▶ **Exercise objective**:
The reply should contain only the lines from the start of the records through the line with "Коложская церковь в Гродно.", reproduced verbatim and without pictures.

**** Data listing

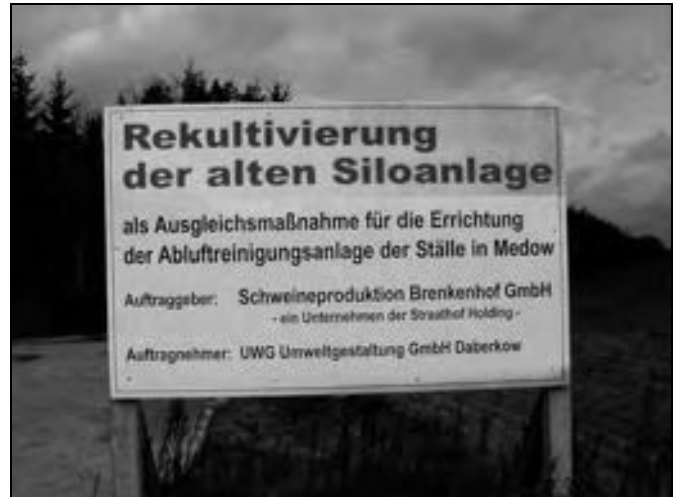
UWG Umweltgestaltung als Auftragnehmer der Straathof Holding
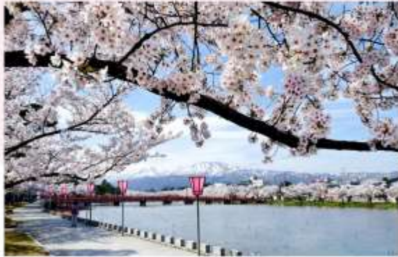
TAKADA CASTLE SITE PARK
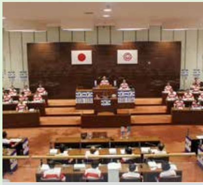
8月29日～9月18日 ラグビージャージ議会
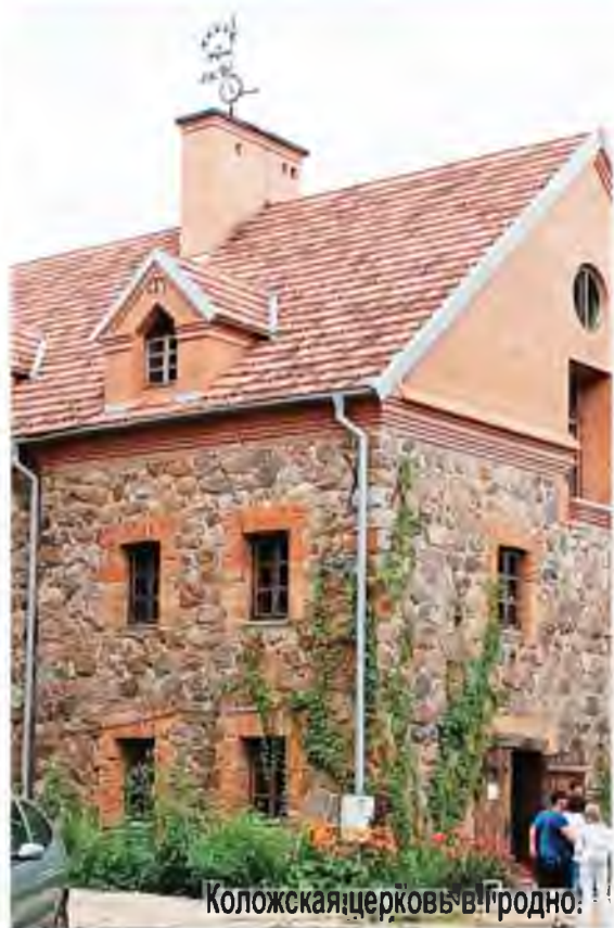
Коложская церковь в Гродно.

- 1 верасня мы з'ездзілі ў княства, якое называецца Сула. Сула – гэта рэчка, на беразе якой і вырастае гэты парк. Сустрэлі нас вельмі выдатна. Усё было святочна. Вельмі спадабалася, што экскурсія вялася на беларускай мове. Моцныя уражанні ад арганізацыі. Мы паспелі ўсё: нас каталі на лодцы – мы адчулі сябе вікінгамі; здзяйснялі абрады ачышчэння, палілі ў вогнішчы свае беды. Нас вучылі танчыць, граць на інструменце, якому 130 гадоў. Вадзілі ў калегіум, дзе расказвалі пра першадрукароў Францыска Скарыну і Івана Федарава і паказвалі кнігі, якія

********

▶ **Solution to this problem**:
UWG Umweltgestaltung als Auftragnehmer der Straathof Holding
TAKADA CASTLE SITE PARK
8月29日～9月18日 ラグビージャージ議会
Коложская церковь в Гродно.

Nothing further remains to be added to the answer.